Reputation: 1647
I am using a scanner to retrieve rows from HBase. I can set which columns I want back via the addColumn() method. However, I really need to be able to retrieve a variable number of columns that all start with the same prefix.
So, all the columns I want start with "USA", for example. I need to retrieve all columns that start with that, such as "USA-Virginia", "USA-Hawaii", etc. I do not want values such as "Canada-Quebec". There are no predefined values for the full column names anywhere. I just need all of them that start with "USA". Is there a way to get HBase Scanners to do this? I don't see much in the way of writing custom scanners out there.
I was looking at custom filters, but this just seems to limit the rows I get, as opposed to specifying the columns I want returned. Thoughts?
I cannot change the structure of my data, and all of my data is under a single column family.

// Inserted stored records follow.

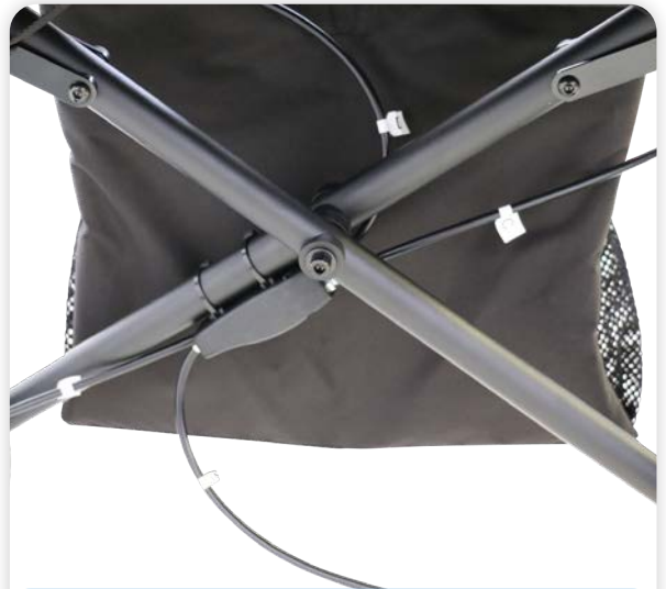
Single Hand Brake System* - Compatible with Aspire Vogue Carbon Walkers WAA695640

*Single Hand Brake System are not compatible with the Vogue Indoor Walker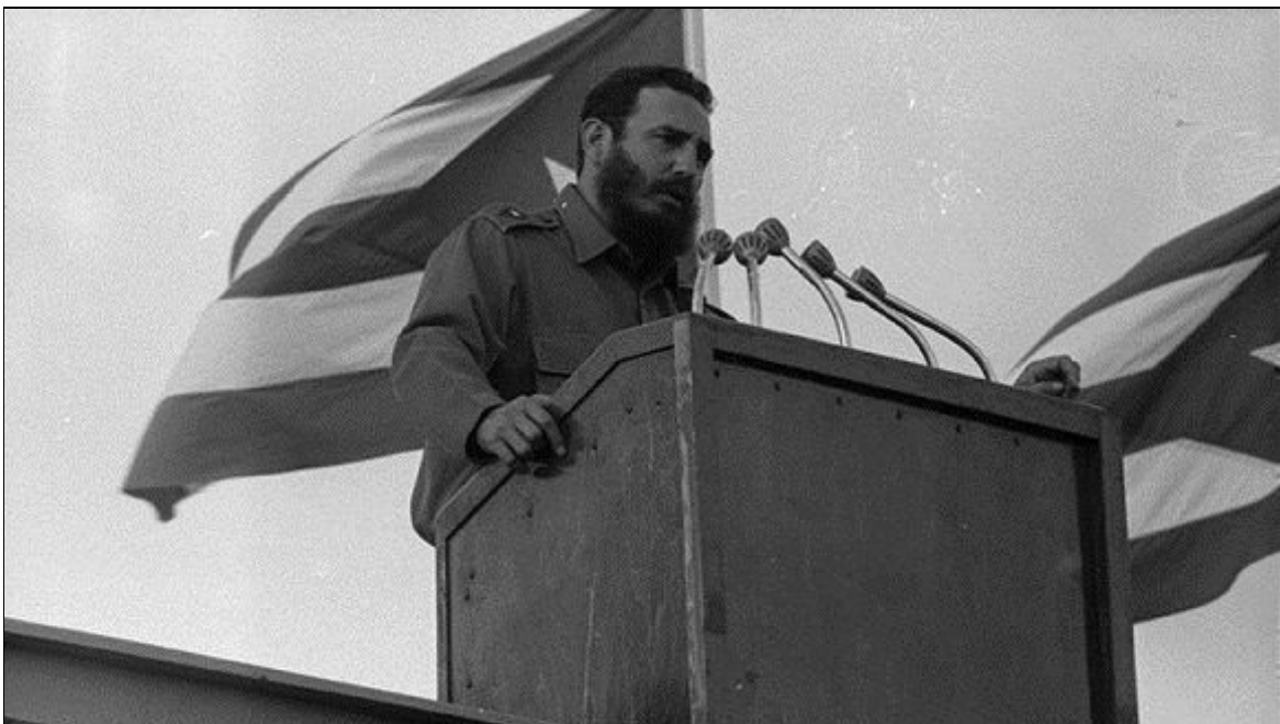
On the 11th anniversary of the assault on the Moncada and Carlos M. de Céspedes barracks held in the city of Santiago de Cuba where the people were responding to the anti-Cuba manoeuvres adopted the day before by the Organization of American States.

(Cubadebate, July 20, 2020. Translated from original Spanish by TML. Photos: Estudios Revolución/Fidel Soldado de las Ideas, L. Lockwood)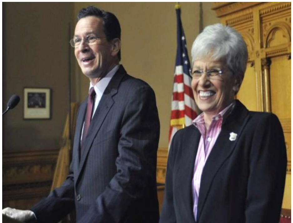
Nancy Wyman and Dan Malloy have had their work cut out for them with the current economic crisis.

I don't want people like you or my grandkids for example to pay the price of the mistakes that were made in the past. My family and I never came from any kind of background involving politics. The Governor and I are trying to do what we think is best for the State in the long run.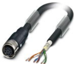
Bus system cable, VARAN, 6-position, PVC, black, shielded, cable length: 5 m, Customer version

Please be informed that the data shown in this PDF Document is generated from our Online Catalog. Please find the complete data in the user's documentation. Our General Terms of Use for Downloads are valid ( http://phoenixcontact.com/download )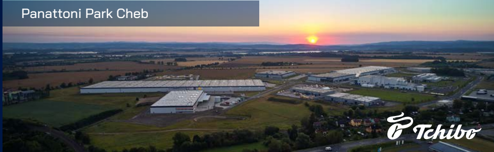
Panattoni Park Cheb

Location: Cheb, Karlovy Vary Region Size: 103,000 sq m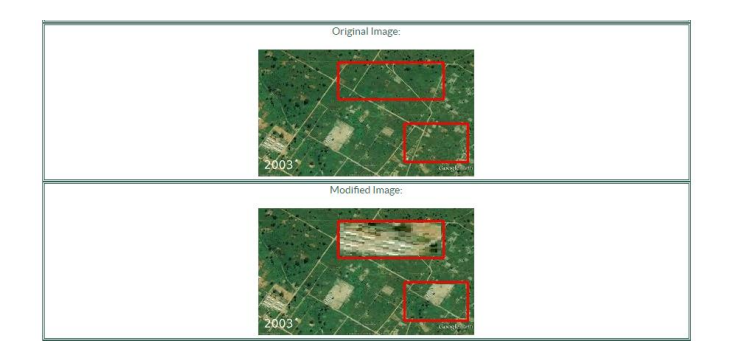
Figure 4: Original Image and Modified Image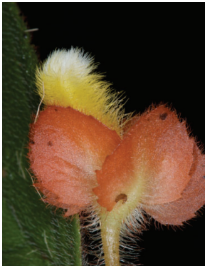
51 Columnea herthae JLC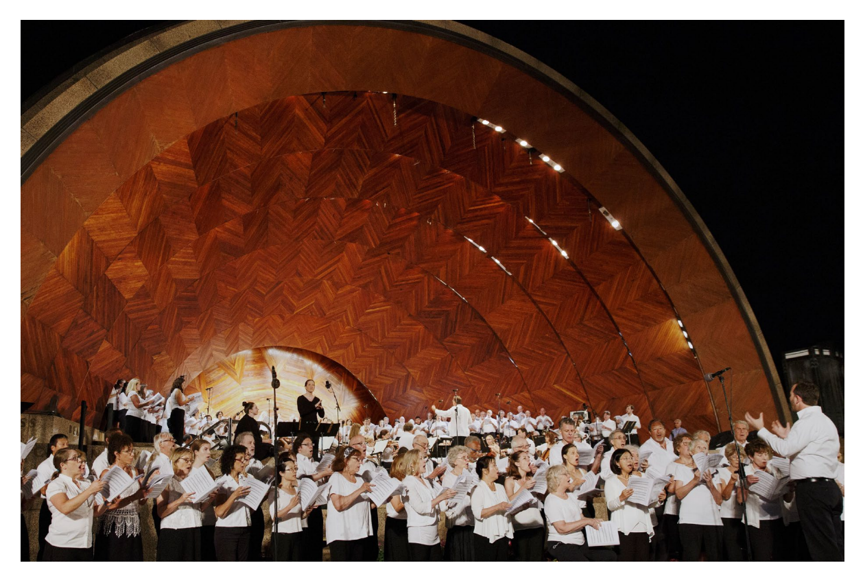
Boston Landmarks Orchestra with One City Choir and ASL interpreters.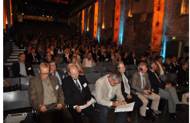
Audience at the conference

The URBACT Fast Track Network “RegGov – Regional Governance of Sustainable Integrated Development of Deprived Urban Areas” has presented its exchange and learning activities.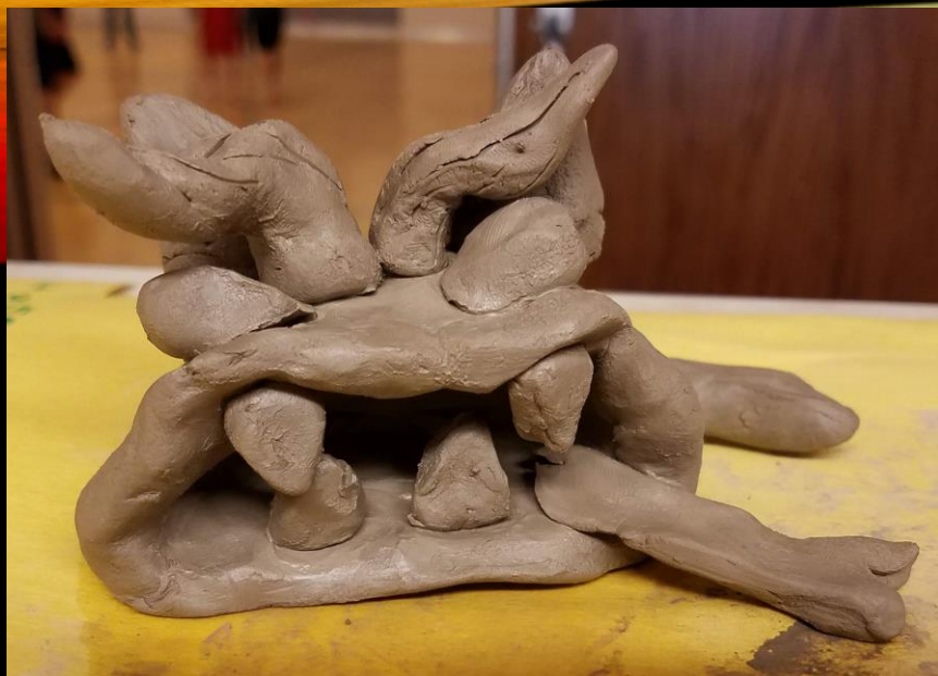
Clay Pinch Pot Monsters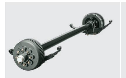
DEXTER AXLES WITH NEV-R-ADJUST BRAKES The Benchmark of the trailer industry!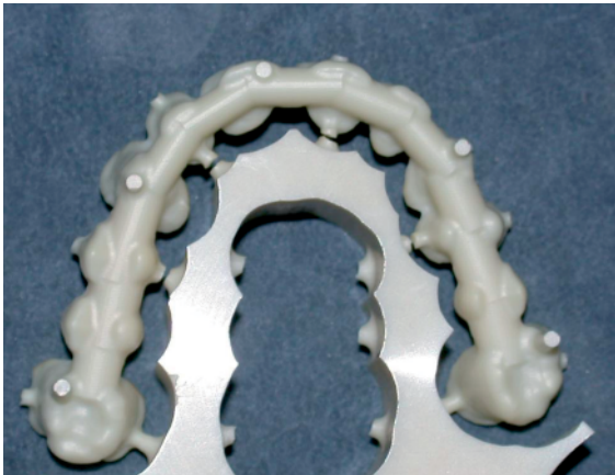
Figure 2 The framework just out of phase CAM. At this stage the diameter of the connectors is oversized to allow the technician to work it in the finishing stages, obtaining a wide margin of safety.

If the prosthesis replaces two teeth instead of one, the connector should be larger than the above and still be more than 7 mm 2 .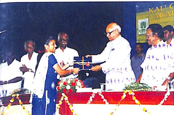
Shri.R.L.Bhatia, His Excellency the Governor of Kerala and Chancellor of KAU presenting the gold medals and certificates to the outstanding students of KAU

Though Kerala is endowed with favourable climate and environment, the agricultural production of the state could not achieve the desired target, said Sri.R.L.Bhatia, H.E.the Governor of Kerala and Chancellor of KAU. The Governor was presenting the gold medals to the outstanding students of KAU for their academic excellence in the undergraduate programmes of the university, in a glittering function held at the Central Auditorium of the University at Vellanikkara on Dec. 9, 2005. The Chancellor exhorted the teaching community to shoulder greater responsibilities to discharge their obligation to the new generation of students.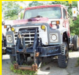
1982 INTERNATIONAL 1824 VN:B14231 4x4, powered by gas engine, equipped with front plow frame, dual wheel single axle.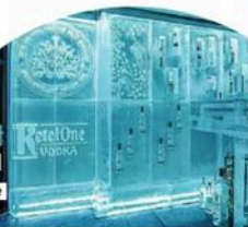
ON ICE Bearfoot Bistro's Ketel One room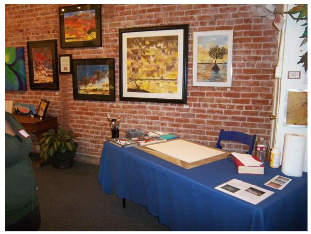
Work Area in the corner next to my space on the wall

Here are some pics during the demo of a watercolor collage, taken at Red Brick Gallery in Ventura, during the reception for the "Fresh" group show.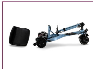
Fordable Tiller With Adjustment Knob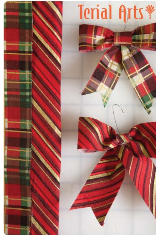
Fun fabric decorations and bows~

Thanks for any ideas. I am running CDH3u4.
Upvotes: 3
Views: 1871
Reputation: 267
Try using org.apache.hadoop.hbase.filter.SubstringComparator
, that might solve your problem.
Upvotes: 0
Reputation: 666
What you need is the ColumnPrefixFilter to filter keys by their columns prefix
http://archive.cloudera.com/cdh/3/hbase/apidocs/org/apache/hadoop/hbase/filter/ColumnPrefixFilter.html
Something like this should do the trick :-
filter = new ColumnPrefixFilter(Bytes.toBytes("USA"))
Upvotes: 5